● Information shown
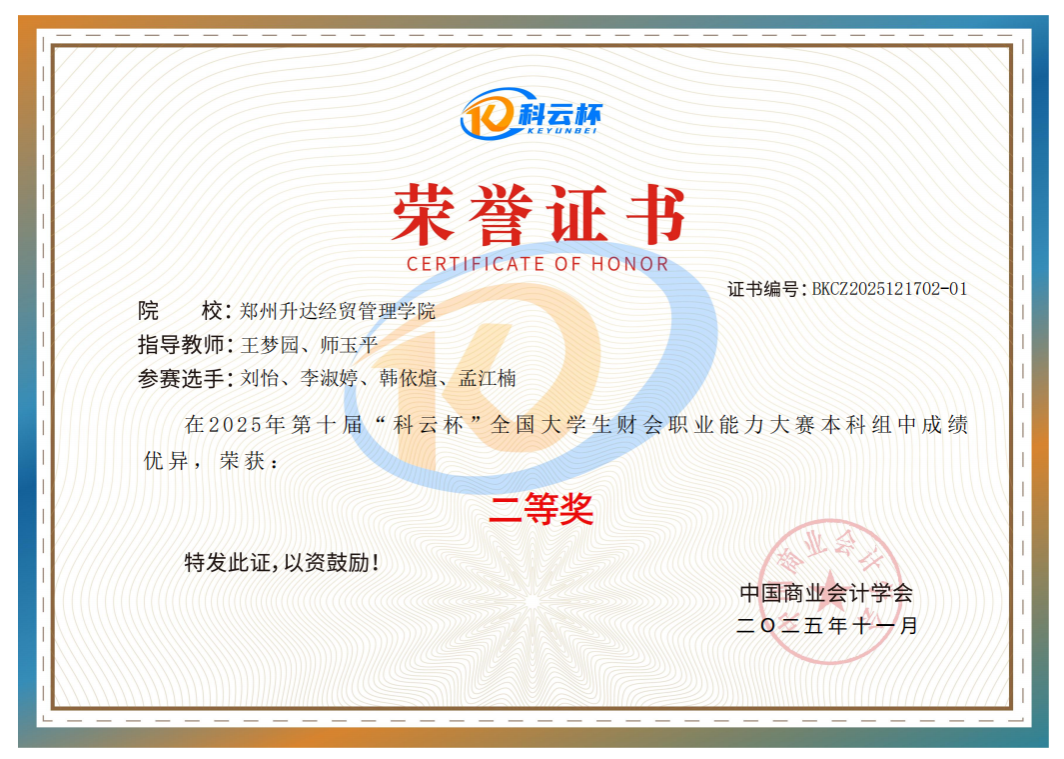 此次获奖不仅是参赛员工勤奋努力和指导教师精心培育的成果,更是365VIP英国上市官网近年来大力推进专业建设和人才培养模式改革的体现。未来,365VIP英国上市官网将继续坚持为党育人、为国育才,紧跟国家科技发展新趋势和产业发展新需求,持续推动数智化财会人才培养质量的全面提升,为建设教育强国、科技强国、人才强国贡献力量。
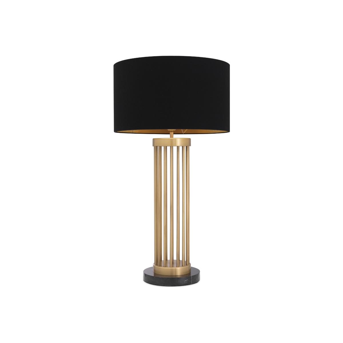 Design. The Condo Table Lamp will bring an instant modern touch to your home with understated charm. The airy cylindrical frame has an Antique Brass finish to reflect warm lighting into its surroundings, with a black marble base and black lamp shade for captivating contrast. Pair with the Condo Floor Lamp for a coordinated look!.
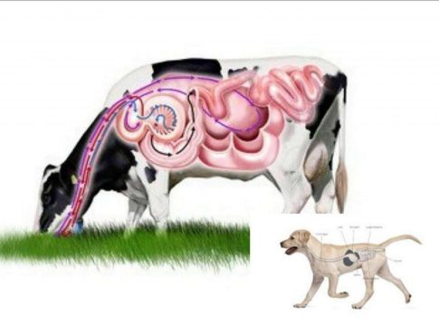 Puede parecer extraño, pero si se observa el aparato digestivo canino, desde la boca, cuya función es solamente cortar y tragar, hasta su limitado estómago y reducido sistema de glándulas, necesita que alguien acondicione los alimentos antes de consumirlos. Entonces, ¿Quién procesa los alimentos que comen los perros? Las presas. Son ellas las que tiene una boca con movimiento lateral y muelas con meseta para formar bolo alimenticio. Tienen cuatro estómagos para distintos procesos de los nutrientes. Pueden cortar con la amilasa y otras enzimas las cadenas largas de polisacáridos y convertirlas en azúcares simples. Es por eso que para todos los que piensan que los perros comen comida natural como carne, huesos y verduras cortadas y ralladas, pueden resultar sorprendentes varios aspectos. Para empezar, las verduras que su dueño corta y ralla con tanto trabajo, irán a las deposiciones sin poder asimilarse. Además, la carne podrá ser asimilada, pero no tiene todo lo que el perro necesita, por lo que es normal verle comer desesperado los excrementos de caballos o vacas cuando se pasea por el campo, es decir que el perro está buscando allí, en esos excrementos, los nutrientes que la presa hubiera procesado con su aparato digestivo. Por último, los huesos desgastarán o incluso romperán prematuramente los dientes, y además podrán acumularse en su aparato digestivo hasta causar graves lesiones o incluso la muerte.

● Problem to work on
Output, exactly as written, only the lines from the beginning of the listing through the line containing "Design. The Condo", both included, and no pictures.

● Exercise answer
 此次获奖不仅是参赛员工勤奋努力和指导教师精心培育的成果,更是365VIP英国上市官网近年来大力推进专业建设和人才培养模式改革的体现。未来,365VIP英国上市官网将继续坚持为党育人、为国育才,紧跟国家科技发展新趋势和产业发展新需求,持续推动数智化财会人才培养质量的全面提升,为建设教育强国、科技强国、人才强国贡献力量。
 Design. The Condo Table Lamp will bring an instant modern touch to your home with understated charm. The airy cylindrical frame has an Antique Brass finish to reflect warm lighting into its surroundings, with a black marble base and black lamp shade for captivating contrast. Pair with the Condo Floor Lamp for a coordinated look!.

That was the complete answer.